I have been searching around on here and can't find a whole lot about this particular code. I have replaced the ignition switch and my issue is still persisting. 
Details:
02' GTI 18T 
APR 91
EPC light came on a week or so ago 
Code: 17072/P0688/001672 - ECM Power Relay Load Circuit: (J271): Open Circuit 
This has been an ongoing issue back in December it started when i was slowing to a stop and all the electronics shut off radio, dash lights, headlights all lights. But the motor stayed running, after about a second of me freaking out everything came back on and I was on my way. 
Well now it's to the point that when im slowing to a stop the car has died fully electronics and the engine, but when you try to start it it won't start. The lights on the dash won't come on and it won't crank, so after fiddling w/ the keys turning in to start nothing take the keys out try again, i do this several times untill it wants to work w/ me.. Now meanwhile all this is going on the clock and the odometer dim and when in the start postion they disapear completly, when i pull the key out of the ignition the clock and the odo. flash dim, to normal you can also hear a clicking noise coming from the dash near the fuse box. 
I have had a shop look at it they said everything looked fine and suggested that it was most likely the ignition switch, so i got a new one from the dealer changed the part today and just as i finish the replacement WHAM, starts the same issue so it's not the ignition switch. Brake lights work just fine.... and w/ the clicking it sounds like the relay up there is making the noise but that sounds/seems like it's fine just almost a voltage issue proly too little. The shop is kinda out of suggestions there suggestion was to check the APR SW, or the battery terminals.
Sorry for the long post, i just didn't see any that really pertained to my issue so trying to give as much info as possiable. 
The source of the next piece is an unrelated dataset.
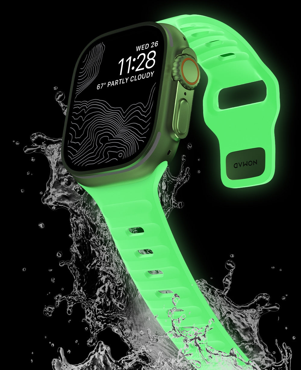 Αναβαθμίστε το αγαπημένο σας Apple Watch Ultra3/Ultra2/Ultra1/SE3/SE2/SE1/11/10/9/8/7/6/5/4 (49/46/45/44mm) με το Limited Edition Sport Band Glow in the Dark της Nomad, ένα κομψό και αθλητικό λουράκι που προσαρμόζεται άψογα από το γραφείο έως και τις περιπέτειές σας στην ύπαιθρο.
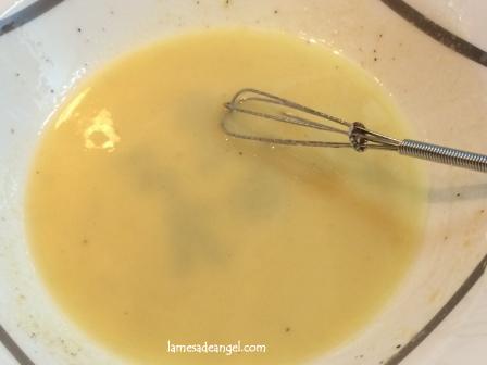 En un bol mezclamos con una varilla el zumo de limón con la sal, la pimienta, la ralladura de limón y una cucharita (o al gusto) de mostaza. Incorporamos poco a poco el aceite para que ligue.

Here is the Wiki-ross http://wiki.ross-tech.com/inde...01672 
Any input will be much appreaciated thanks ahead of time.


----------



## Uwe (Jan 16, 2000)

*Re: Code P0688 ECM Power Relay Load Circuit: (J271): Open Circuit (02' 18T)*

The link you posted doesn't seem to work. This one should:
http://wiki.ross-tech.com/inde...01672
Nothing there points at the ignition switch. Personally, I'd try a new J271 relay. If that doesn't fix it, check ECU and wiring.
-Uwe-


----------



## eb (Mar 24, 2006)

this problem is usually caused by corroded battery and earth cables or a loose connection in engine bay around the vacinity of the battery. there is also a wiring junction under dash next to steering collumn where alot of main supply cables bolt on.check for loose connection.


----------



## 02' 18T (Jan 15, 2005)

*Re: (eb)*

Great suggestions thanks i will swap out the relay and clean the terminals when i was swapping out the ignition i was looking and made sure all the connections uder that half were ok. I will keep you all posted, i generally steam clean my engine bay, w/ degreaser so the terminals are pretty clean all ready, what would you all suggest i should use to clean the terminals that may increase the contunity of the connection. Coke-Cola.. lol, WD-40, Brake Claener, soap and water. The battery is about 3 yrs. old how often do you all change your battery?
I pray at night that it isn't a faulty ECU...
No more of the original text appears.